There’s a problem with this argument though. The show aired some time ago; there’s no surprise left to safeguard. MGM/Burnett would be making an argument on principle: “If we released these tapes, none of our tapes in the future will be safe.”
They would have to argue that the process itself is the proprietary material, and not just the outcome of a show or a season.
If you’re Mark Burnett and MGM, you’re wondering if any of your current or former employees with access to the outtakes would be tempted to leak them to the media. There was even an unverified claim that there’s a contractual penalty of $5 million for any Burnett employee who disclosed proprietary information about the show.”
Even if that’s true, though, that penalty clause offers no real remedy after the material is already out there. Those employees — just like most of us — are probably “judgment-proof.” This means the company might be able to win the lawsuit, but most employees couldn’t pony up $5 million in damages. Plus, the real damage wouldn’t be the money — it would be the leak of the tapes. Probably the best the aggrieved company could do here is terminate the employee.
Employees who take sensitive company material could be prosecuted, too. For example, federal law prohibits the commercial theft of trade secrets to benefit someone other than the owner, and that is punishable by up to 10 years’ imprisonment. The law broadly defines “trade secret” to include all types of information that the owner has taken reasonable measures to keep secret and that itself has independent economic value. This seems to perfectly describe footage taken by reality competition shows, although its value today is questionable.
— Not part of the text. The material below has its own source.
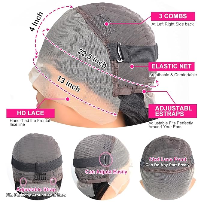 - đź’• Deep Wave Lace Front Wigs Human Hair Cap: Average Cap (21.5"-22.5"), Fit for Most People, with Adjustable Straps and 4 Combs, Clean and Breathable Easy to Install and Adjust,Giving You a More Comfortable Wearing Experience
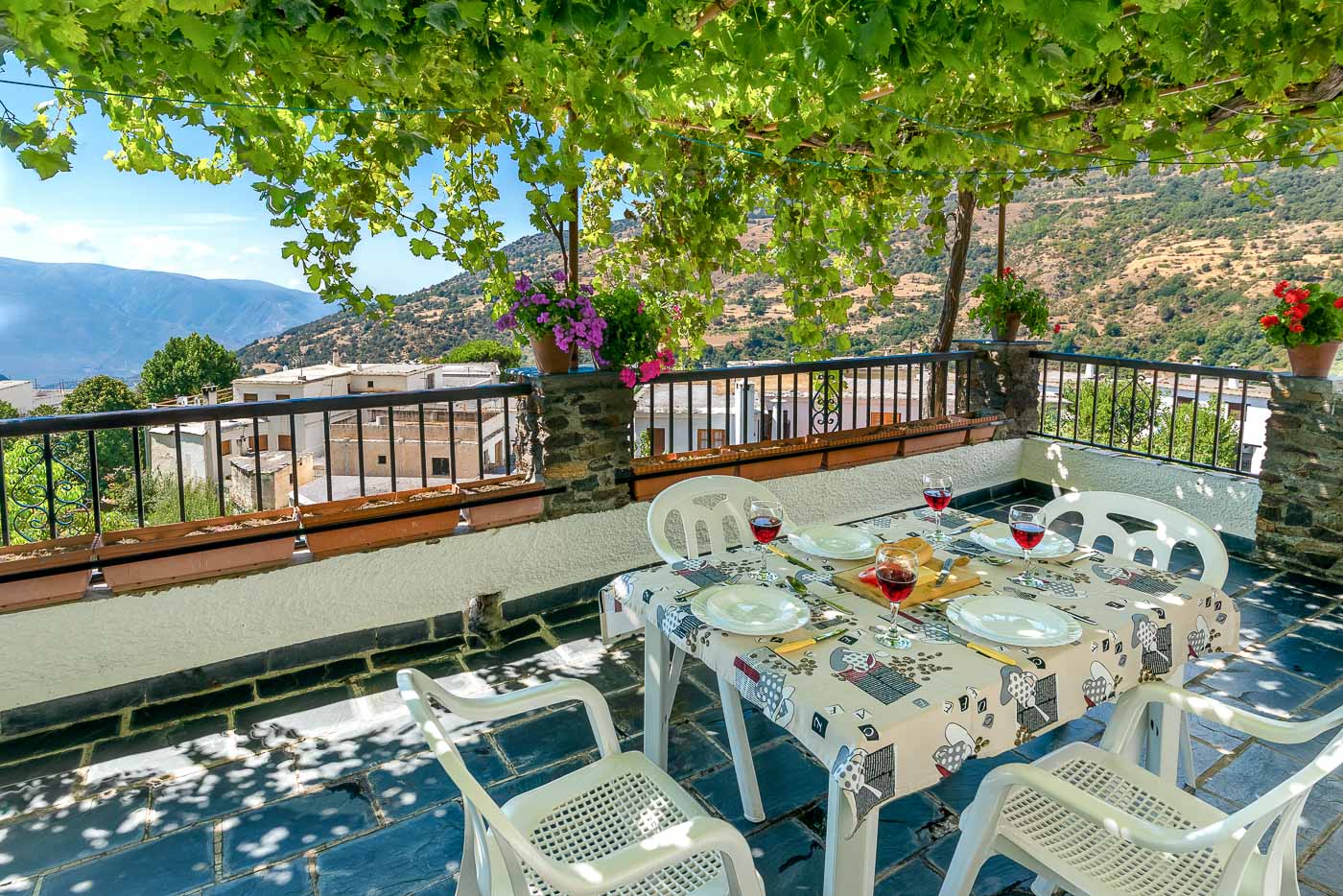 The main feature of this village apartment was the beautiful, vine-framed view to the mountains. There was quite a lot of grapevine when we arrived, but the owner allowed us to prune the branches a little to make a great view even better.

Legally the biggest obstacle to unearthing any material in the possession of MGM or Burnett is the absence — so far — of any court case. As a general rule, there must be a criminal investigation or civil case pending to ask a court to pry open the records vault of a private company.
That’s especially relevant now that Trump himself is threatening litigation against The New York Times. Any litigation could potentially open a company like MGM to a third-party subpoena — whether or not they are a party to the action. The scope of discovery in a civil case is breathtakingly broad. Similarly, law enforcement has its ways of obtaining documents from companies, even in advance of an indictment.
Phrases like “confidential” or “secret” are thrown around offices and companies as if their invocation alone will ward off prying eyes. To a court, these are just words. A court has the power to open up the books and the vaults of even the most secretive companies; all it needs is a case, and someone — or something — or some prosecutor — willing to bring it.
The dilemma facing MGM and Burnett illustrates a modern concern for companies. Technology has allowed us to keep an unprecedented volume of records, video and otherwise. However, the fact that we are all just a lawsuit away from having to hand over incredibly sensitive and damaging information encourages a Snapchat approach: companies have every incentive to delete or “lose” records as soon as possible. Unfortunately, the safest company from the reach of discovery is the company with the fewest records, and the fewest scruples.